For decades, biology textbooks have taught that developing nerve cells initially form the brain and over time, some transform into spinal cord, but a new study from researchers at the Francis Crick Institute challenges this view.
By investigating the development of central nervous system cells, engineered from embryonic stem cells, researchers have discovered that a critical decision is made earlier in cells than previously anticipated and this predetermines whether they form the brain or spinal cord.
This insight sheds light on the origin of different regions of the nervous system in embryos, and could help scientists to develop regenerative approaches for spinal cord injury and disease. The paper is published in Cell.
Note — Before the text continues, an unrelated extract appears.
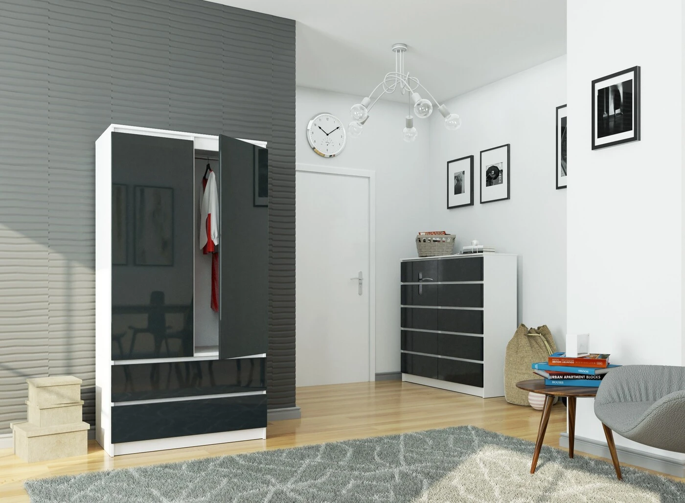 Aprašymas buvo automatiškai išverstas, gali pasitaikyti klaidų. Svetainė yra kiekvieno buto širdis – vieta poilsiui, poilsiui ir atsipalaidavimui po darbo. Jei turite nedidelį plotą, neturite vietos prieškambaryje, svetainė yra ta vieta, kur reikia pasidėti drabužių spintą. Spinta svetainėje gali atrodyti patraukliai – nebijokite šio sprendimo! Grafito balto atspalvio S 90cm2 spinta su dviem stalčiais puikiai tiks minimalistinėje, šviesioje svetainėje. Tai ypač naudingas sprendimas mažesniuose butuose – svetainės spinta sutalpins visus didesnius drabužius ar avalynę, todėl miegamasis bus erdvesnis. Šio modelio privalumai: > Spinta ir fasadai padengti trinčiai atsparia laminuota plokšte; Spinta padalinta – kairioji pusė padalinta į 4 praktiškas lentynas, o dešinėje pusėje yra striukių ir paltų juosta. Šis metodas leis išlaikyti tvarką ir skaidrumą. Madingas blizgaus grafito atspalvis derės prie ryškių spalvų interjero. Gražus kontrastas suteiks interjerui šiuolaikiškumo. ABS apvadu padengti kraštai apsaugos nuo pažeidimų ir įbrėžimų. Komplekte esančios instrukcijos palengvins surinkimą komoda. Gamintojas suteikia 24 mėnesių garantiją. Drabužių spinta neturi užgožti mažos svetainės. Jei turite nedidelę svetainę, prausimas jūsų kambaryje optiškai padidins ir apšvies kambarį. S 90 cm2 spinta – tai 180 cm aukščio ir 90 cm pločio baldas, kuris „nepavogs“ iš jūsų visos svetainės, o po ranka pasidės visus reikalingus drabužius ir daiktus.

Running from head to tail in animals and humans, the central nervous system is divided into the brain, which contains the nerve cells responsible for complex information processing and decision making, and the spinal cord, containing nerve cells for sensing and moving the body. How the cells that make the two parts of the nervous system are formed in an embryo has been a long-standing question in developmental biology.
“Our work demonstrates that the formation of the spinal cord is predetermined in cells before they become neural cells,” says James Briscoe, senior author of the paper and head of the Crick’s Developmental Dynamics lab. “This challenges the textbook view of how the nervous system is formed, which suggested that neural cells progressively transition from brain to spinal cord.”
Biologists and computer scientists in collaboration
By combining cutting-edge developmental biology and embryonic stem cell techniques with computational genomics, the team were able to determine when cells became neural and adopted brain or spinal cord characteristics. This revealed a critical time window during development before formation of the nervous system, when cells acquire the ability to make spinal cord. Testing their findings in embryos, the team found that this critical window corresponds to between days 7 and 7.5 of mouse development.
The researchers took advantage of state-of-the-art genome sequencing technologies to generate novel molecular understanding of neural induction, the process of nervous system development. They found that by performing ATAC-seq – a technique that allows the discovery of active regions of DNA in the genome – they could distinguish neural cell types that make up different regions of the central nervous system.
“By tracking the chromatin accessibility landscape of neural cells over time, we could identify the transcription factors responsible for spinal cord fate and the context in which they operate,” says Sebastian Steinhauser, co-first author of the study and a Winton PhD student at the Crick.
“The interdisciplinary approach made possible by the facilities at the Crick provided us with a powerful way to resolve, on a genomic scale, how cells make decisions during development”, said Nicholas Luscombe, a senior Winton group leader and co-author of the study, who runs the Bioinformatics and Computational Biology Laboratory.
What’s behind the early cell-type decision?
The work revealed that during early development, the activity of a set of proteins, known as CDX transcription factors, establishes which cells can form spinal cord by altering the organisation of the genome in cells.
“These proteins not only appear to activate genes needed for the development of spinal neurons but also repress genes specific for brain neurons,” says Vicki Metzis, co-first author of the study and postdoc at the Crick.
She added: “Beyond our new understanding of how the nervous system forms, this study helps explain how to use embryonic stem cells to generate spinal cord neurons. Our findings suggest that trying to engineer spinal cord cells depends on timing. Knowing this critical time window exists will be beneficial for regenerative medicine.”